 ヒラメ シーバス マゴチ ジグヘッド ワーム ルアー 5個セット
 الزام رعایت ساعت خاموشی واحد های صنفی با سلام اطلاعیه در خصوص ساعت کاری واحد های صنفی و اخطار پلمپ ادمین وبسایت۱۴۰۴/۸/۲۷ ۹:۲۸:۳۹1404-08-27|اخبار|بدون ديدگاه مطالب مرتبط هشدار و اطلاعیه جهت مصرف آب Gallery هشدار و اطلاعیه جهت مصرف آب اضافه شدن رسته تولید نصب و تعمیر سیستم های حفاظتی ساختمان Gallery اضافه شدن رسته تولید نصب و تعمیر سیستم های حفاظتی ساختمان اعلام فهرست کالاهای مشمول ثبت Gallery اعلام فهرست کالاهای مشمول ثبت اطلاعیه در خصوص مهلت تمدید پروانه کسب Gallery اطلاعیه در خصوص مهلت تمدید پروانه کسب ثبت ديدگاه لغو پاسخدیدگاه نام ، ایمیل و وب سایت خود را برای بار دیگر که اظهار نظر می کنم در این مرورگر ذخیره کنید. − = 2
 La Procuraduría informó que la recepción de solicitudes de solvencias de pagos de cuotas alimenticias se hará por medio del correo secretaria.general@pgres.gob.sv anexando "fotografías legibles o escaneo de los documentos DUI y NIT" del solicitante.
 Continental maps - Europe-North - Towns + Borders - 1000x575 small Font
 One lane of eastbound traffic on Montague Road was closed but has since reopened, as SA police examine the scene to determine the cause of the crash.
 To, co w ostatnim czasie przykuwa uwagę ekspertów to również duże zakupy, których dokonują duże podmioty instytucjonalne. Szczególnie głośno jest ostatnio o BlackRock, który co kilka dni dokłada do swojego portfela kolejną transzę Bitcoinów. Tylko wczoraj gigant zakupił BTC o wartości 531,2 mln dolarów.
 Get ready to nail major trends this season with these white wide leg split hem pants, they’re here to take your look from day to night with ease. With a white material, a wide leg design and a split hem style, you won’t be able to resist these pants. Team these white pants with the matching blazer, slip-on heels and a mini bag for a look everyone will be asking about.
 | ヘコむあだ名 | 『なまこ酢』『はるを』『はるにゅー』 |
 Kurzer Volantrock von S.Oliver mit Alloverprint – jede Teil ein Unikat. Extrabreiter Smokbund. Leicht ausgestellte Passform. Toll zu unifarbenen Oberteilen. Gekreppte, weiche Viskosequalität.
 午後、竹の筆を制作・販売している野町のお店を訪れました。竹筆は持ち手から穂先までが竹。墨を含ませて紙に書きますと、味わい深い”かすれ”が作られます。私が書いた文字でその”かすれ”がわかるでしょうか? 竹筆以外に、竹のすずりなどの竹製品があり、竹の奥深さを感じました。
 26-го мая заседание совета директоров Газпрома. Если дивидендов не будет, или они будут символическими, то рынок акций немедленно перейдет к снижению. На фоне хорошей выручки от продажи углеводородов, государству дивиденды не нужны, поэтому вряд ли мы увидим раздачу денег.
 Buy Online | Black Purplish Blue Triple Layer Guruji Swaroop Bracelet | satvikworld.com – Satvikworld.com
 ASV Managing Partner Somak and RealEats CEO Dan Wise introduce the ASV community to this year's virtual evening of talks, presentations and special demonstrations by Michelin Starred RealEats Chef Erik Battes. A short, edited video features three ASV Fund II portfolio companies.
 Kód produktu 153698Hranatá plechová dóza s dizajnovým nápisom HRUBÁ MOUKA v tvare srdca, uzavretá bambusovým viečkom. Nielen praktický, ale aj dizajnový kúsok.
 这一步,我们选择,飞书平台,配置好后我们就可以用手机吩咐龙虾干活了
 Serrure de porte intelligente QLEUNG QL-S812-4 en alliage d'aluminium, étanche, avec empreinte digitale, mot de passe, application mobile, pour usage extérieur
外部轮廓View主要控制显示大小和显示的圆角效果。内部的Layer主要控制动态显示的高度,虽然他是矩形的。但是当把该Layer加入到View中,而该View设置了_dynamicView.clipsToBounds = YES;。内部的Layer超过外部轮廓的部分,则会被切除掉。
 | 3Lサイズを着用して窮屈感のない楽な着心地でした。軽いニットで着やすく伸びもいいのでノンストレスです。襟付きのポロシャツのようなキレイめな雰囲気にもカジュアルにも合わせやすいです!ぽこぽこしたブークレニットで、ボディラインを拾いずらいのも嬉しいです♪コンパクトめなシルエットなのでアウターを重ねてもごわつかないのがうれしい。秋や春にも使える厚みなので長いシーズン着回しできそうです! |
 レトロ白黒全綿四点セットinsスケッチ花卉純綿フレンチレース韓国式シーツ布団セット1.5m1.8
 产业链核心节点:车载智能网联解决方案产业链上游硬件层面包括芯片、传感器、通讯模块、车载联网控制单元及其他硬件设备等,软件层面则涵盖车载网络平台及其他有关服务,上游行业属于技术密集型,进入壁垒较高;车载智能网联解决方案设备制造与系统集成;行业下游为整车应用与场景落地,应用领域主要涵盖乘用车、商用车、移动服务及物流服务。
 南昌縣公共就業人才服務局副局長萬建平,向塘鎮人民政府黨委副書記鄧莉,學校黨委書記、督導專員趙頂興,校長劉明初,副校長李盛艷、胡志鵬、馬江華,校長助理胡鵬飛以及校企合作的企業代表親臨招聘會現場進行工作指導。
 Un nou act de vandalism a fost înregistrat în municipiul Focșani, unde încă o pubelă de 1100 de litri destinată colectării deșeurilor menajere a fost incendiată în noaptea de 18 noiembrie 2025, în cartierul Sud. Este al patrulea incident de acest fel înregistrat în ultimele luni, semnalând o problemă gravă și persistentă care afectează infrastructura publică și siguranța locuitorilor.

————————

What you will do: Find all the lines with "this" in the data and copy them.

Solved exercise:
 Get ready to nail major trends this season with these white wide leg split hem pants, they’re here to take your look from day to night with ease. With a white material, a wide leg design and a split hem style, you won’t be able to resist these pants. Team these white pants with the matching blazer, slip-on heels and a mini bag for a look everyone will be asking about.
 ASV Managing Partner Somak and RealEats CEO Dan Wise introduce the ASV community to this year's virtual evening of talks, presentations and special demonstrations by Michelin Starred RealEats Chef Erik Battes. A short, edited video features three ASV Fund II portfolio companies.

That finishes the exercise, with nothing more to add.